Open tuxillo opened 4 months ago
Any news?
Hi @tuxillo, sorry but unfortunately we don't have much bandwidth for adding new plugins at this time. The descheduling framework refactor is meant to make it easier for anyone to develop their own plugins. The existing plugin code should serve as a guide, but we hope to publish a more generic developer guide in the future.
@damemi thanks for the update. No worries! I was wondering if this plugin was missing for any particular reason. I might give it a try at implementing it but, should I wait for the refactor you're mentioning?
@tuxillo please feel free to implement it and open a PR if you'd like! the refactor is done already. Ideally, the goal of this was to make it so you don't even need to contribute the plugin code here if you don't want to and could just build your own descheduler with your plugin imported.
I did an initial version using RemovePodsViolatingInterPodAntiAffinity
as the base, but as it turns out I ended up just reversing the logic of it, which is most certainly the wrong approach. And also sounds like not worth of a whole plugin.
Let me explain my use case:
I set application A to run in certain nodes. I want application B to always run in nodes where application A is, so for application B I use:
affinity:
podAffinity:
requiredDuringSchedulingIgnoredDuringExecution:
- labelSelector:
matchExpressions:
- key: app.kubernetes.io/name
operator: In
values:
- appA
topologyKey: kubernetes.io/hostname
As you know, sometimes app A will drift to other nodes (karpenter is auto scaling) but app B won't follow. The affinity is broken.

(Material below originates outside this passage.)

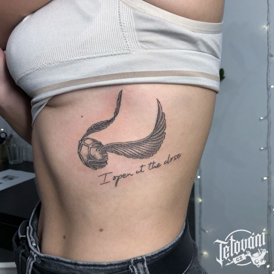 Tetování z filmů a pohádek zlatonka z Harryho Pottera na žebrech
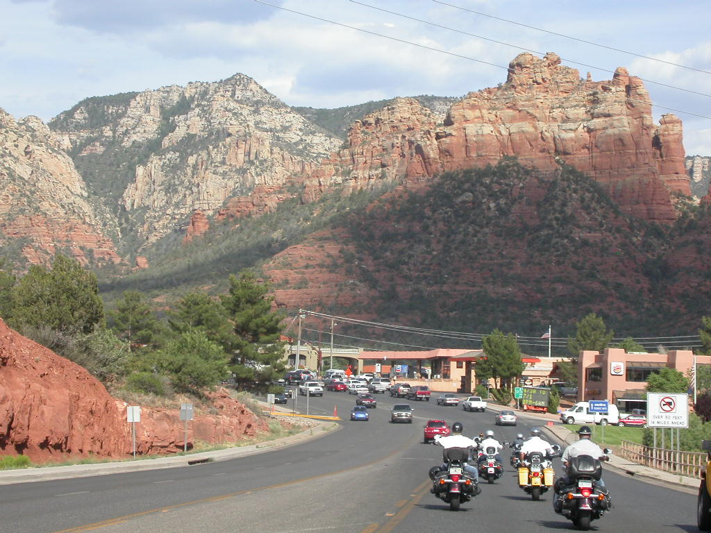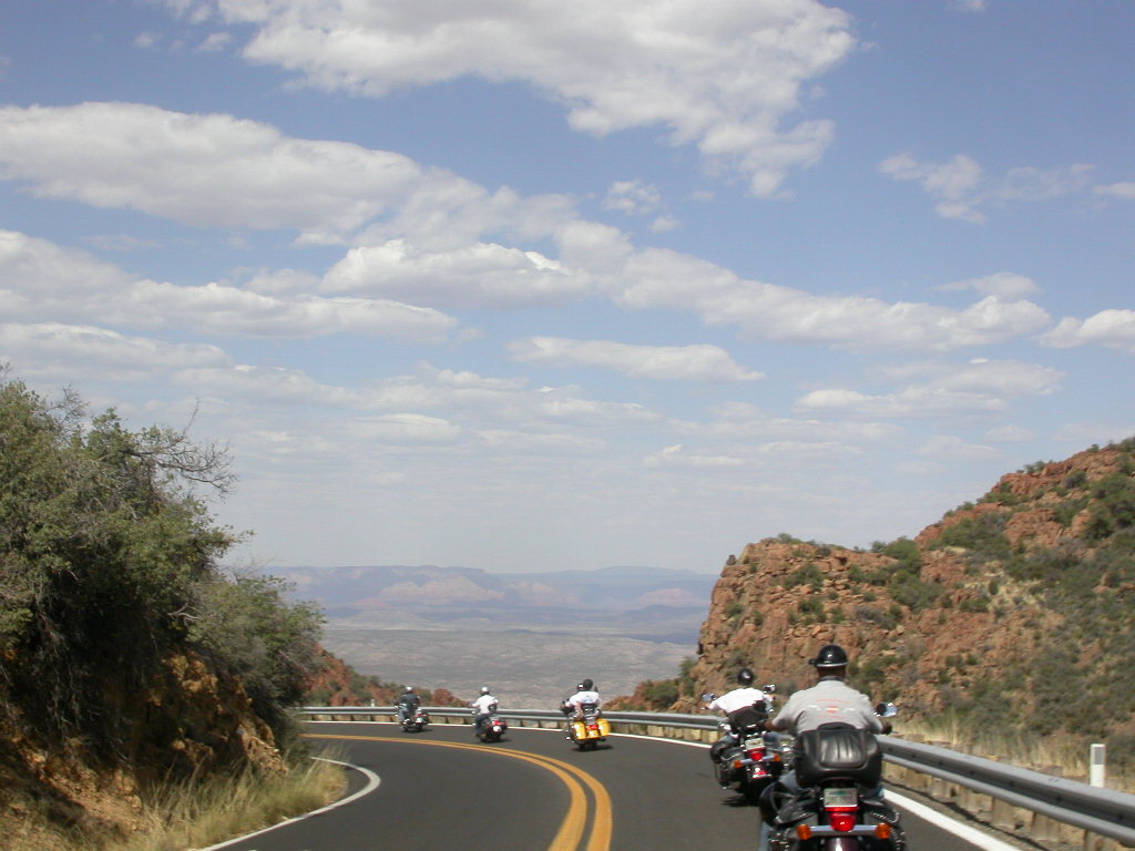 Danach flogen wir weiter tief Richtung Prescott und dann über eine schöne kurvenreiche Strecke Richtung Jerome kurz vor Sedona. Leider war hier dann gegenüber dem freien Jagen kollektives Gruppenfahren im 'Bergaufbremsertempo' angesagt, was dem Spass an dieser schönen Strecke doch etwas den Reiz nahm, dasselbe galt trotz Nachfrage zum freien Fahren auch für die Strecke von Sedona durch den malerischen Oak Creek Canyon nach Flagstaff. Bei zwei Kreuzungen wo man rechts abbiegen muss, könnte man sich ja verfahren ...

What I am currently doing in predicates is:
func CheckPodAffinityViolation(candidatePod *v1.Pod, assignedPods map[string][]*v1.Pod, nodeMap map[string]*v1.Node) bool {
nodeHavingCandidatePod, ok := nodeMap[candidatePod.Spec.NodeName]
if !ok {
klog.Warningf("CandidatePod %s does not exist in nodeMap", klog.KObj(candidatePod))
return false
}
affinity := candidatePod.Spec.Affinity
if affinity == nil || affinity.PodAffinity == nil {
return false
}
for _, term := range GetPodAffinityTerms(affinity.PodAffinity) {
namespaces := GetNamespacesFromPodAffinityTerm(candidatePod, &term)
selector, err := metav1.LabelSelectorAsSelector(term.LabelSelector)
if err != nil {
klog.ErrorS(err, "Unable to convert LabelSelector into Selector")
return false
}
for namespace := range namespaces {
for _, assignedPod := range assignedPods[namespace] {
if assignedPod.Name == candidatePod.Name || !PodMatchesTermsNamespaceAndSelector(assignedPod, namespaces, selector) {
klog.V(4).InfoS("CandidatePod does not match inter-pod affinity rule of assigned pod on node", "candidatePod", klog.KObj(candidatePod), "assignedPod", klog.KObj(assignedPod))
continue
}
nodeHavingAssignedPod, ok := nodeMap[assignedPod.Spec.NodeName]
if !ok {
continue
}
if hasSameLabelValue(nodeHavingCandidatePod, nodeHavingAssignedPod, term.TopologyKey) {
klog.V(1).InfoS("CandidatePod matches inter-pod affinity rule of assigned pod on node", "candidatePod", klog.KObj(candidatePod), "assignedPod", klog.KObj(assignedPod))
return false
}
}
}
}
klog.V(1).Infof("CandidatePod did not match inter-pod affinity in node %v", candidatePod.Spec.NodeName)
return true
}
So when the candidate pod are in the same node (since that's the topology key), just don't evict it. I think I'm missing some parts of the problem or not following the correct approach.
Any pointers would be appreciated 😄
Is your feature request related to a problem? Please describe.
I think it is a problem because, as far as I know, there is no way of rescheduling pods that are in violation of podAffinity.
Describe the solution you'd like
Make a plugin available that deals with this, right? 🥲
Describe alternatives you've considered Right now I'm manually doing rollout in deployments so that the scheduling is right, for example after ugprades.
What version of descheduler are you using?
descheduler version: latest Additional context
Issue #1286 was closed as "Not planned" but feedback was provided and I think it's a feature that's pretty much needed.